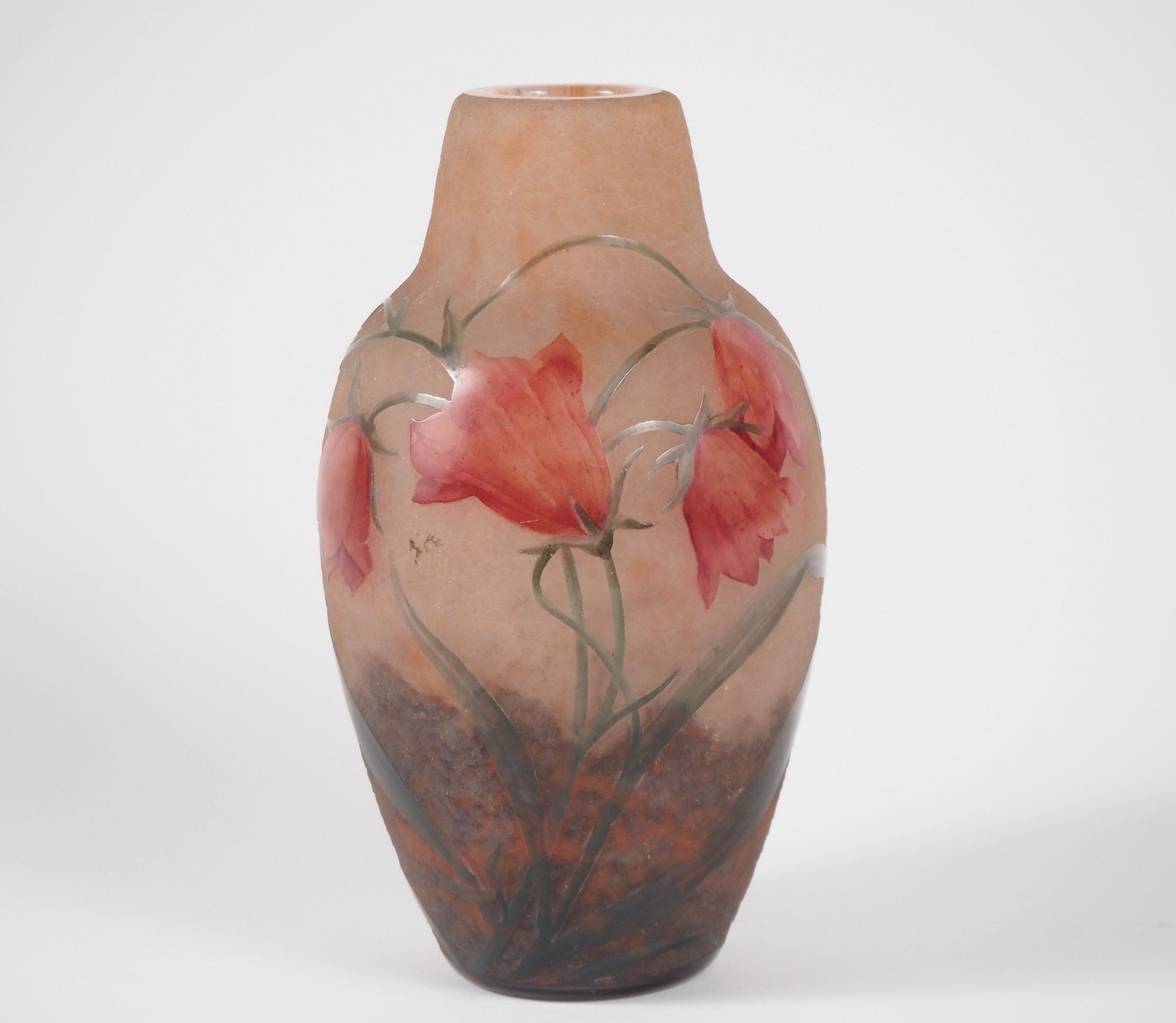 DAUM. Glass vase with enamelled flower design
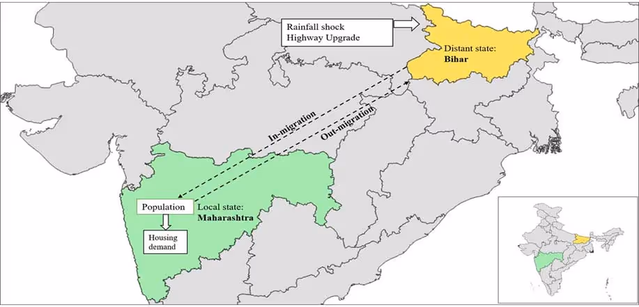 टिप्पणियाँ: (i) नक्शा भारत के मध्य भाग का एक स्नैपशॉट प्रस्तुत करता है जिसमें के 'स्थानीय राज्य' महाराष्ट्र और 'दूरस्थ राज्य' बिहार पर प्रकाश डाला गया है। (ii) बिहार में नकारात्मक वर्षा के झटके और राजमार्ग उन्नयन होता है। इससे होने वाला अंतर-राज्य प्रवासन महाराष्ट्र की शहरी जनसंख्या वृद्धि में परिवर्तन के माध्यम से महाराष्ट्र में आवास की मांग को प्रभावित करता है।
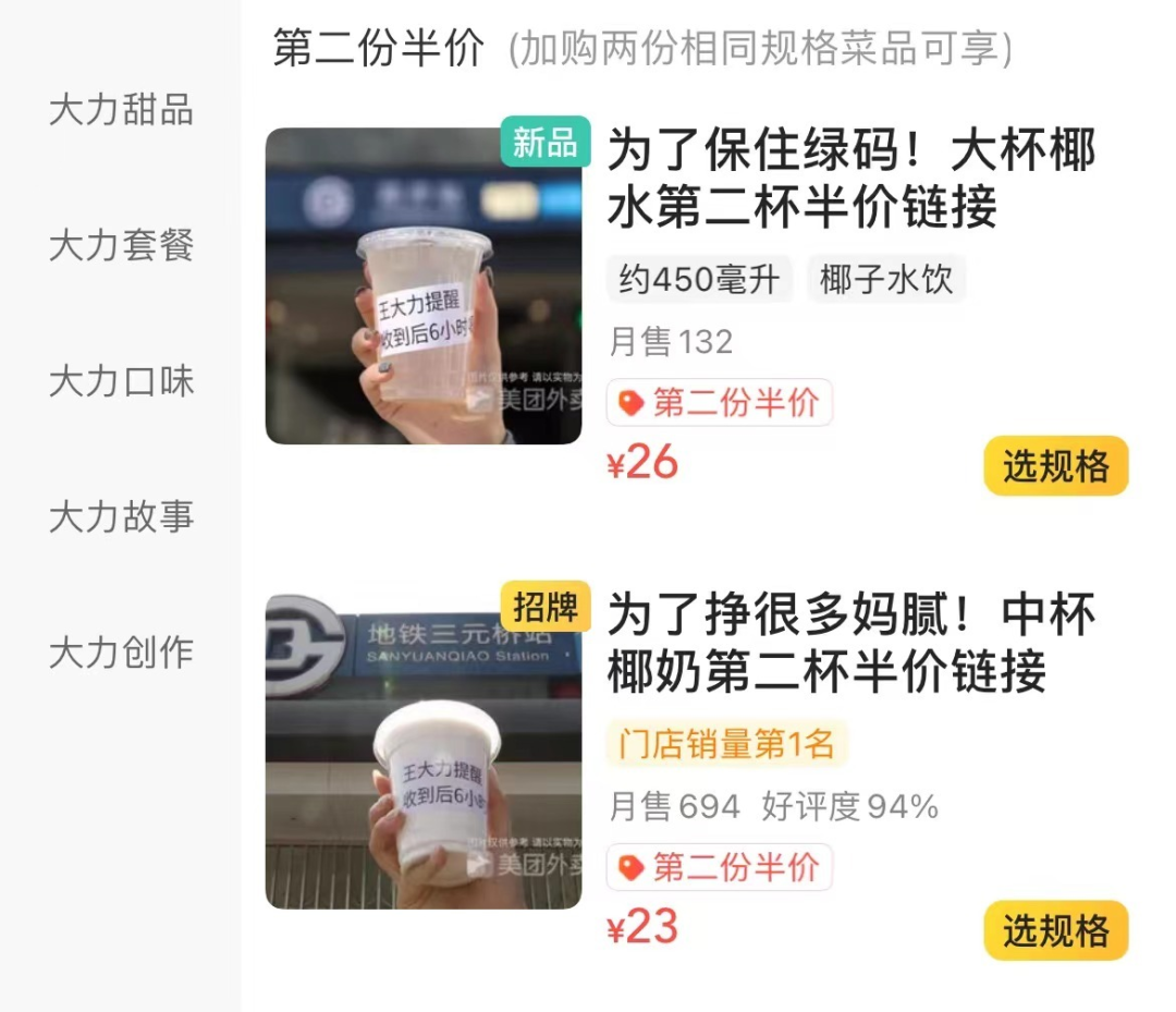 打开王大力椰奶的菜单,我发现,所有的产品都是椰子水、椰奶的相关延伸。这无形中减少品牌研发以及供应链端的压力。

☆ ☆ ☆ ☆

Give the listing above again word for word, without its pictures.

→ **SOLUTION FOR THIS TASK**:
 DAUM. Glass vase with enamelled flower design
 टिप्पणियाँ: (i) नक्शा भारत के मध्य भाग का एक स्नैपशॉट प्रस्तुत करता है जिसमें के 'स्थानीय राज्य' महाराष्ट्र और 'दूरस्थ राज्य' बिहार पर प्रकाश डाला गया है। (ii) बिहार में नकारात्मक वर्षा के झटके और राजमार्ग उन्नयन होता है। इससे होने वाला अंतर-राज्य प्रवासन महाराष्ट्र की शहरी जनसंख्या वृद्धि में परिवर्तन के माध्यम से महाराष्ट्र में आवास की मांग को प्रभावित करता है।
 打开王大力椰奶的菜单,我发现,所有的产品都是椰子水、椰奶的相关延伸。这无形中减少品牌研发以及供应链端的压力。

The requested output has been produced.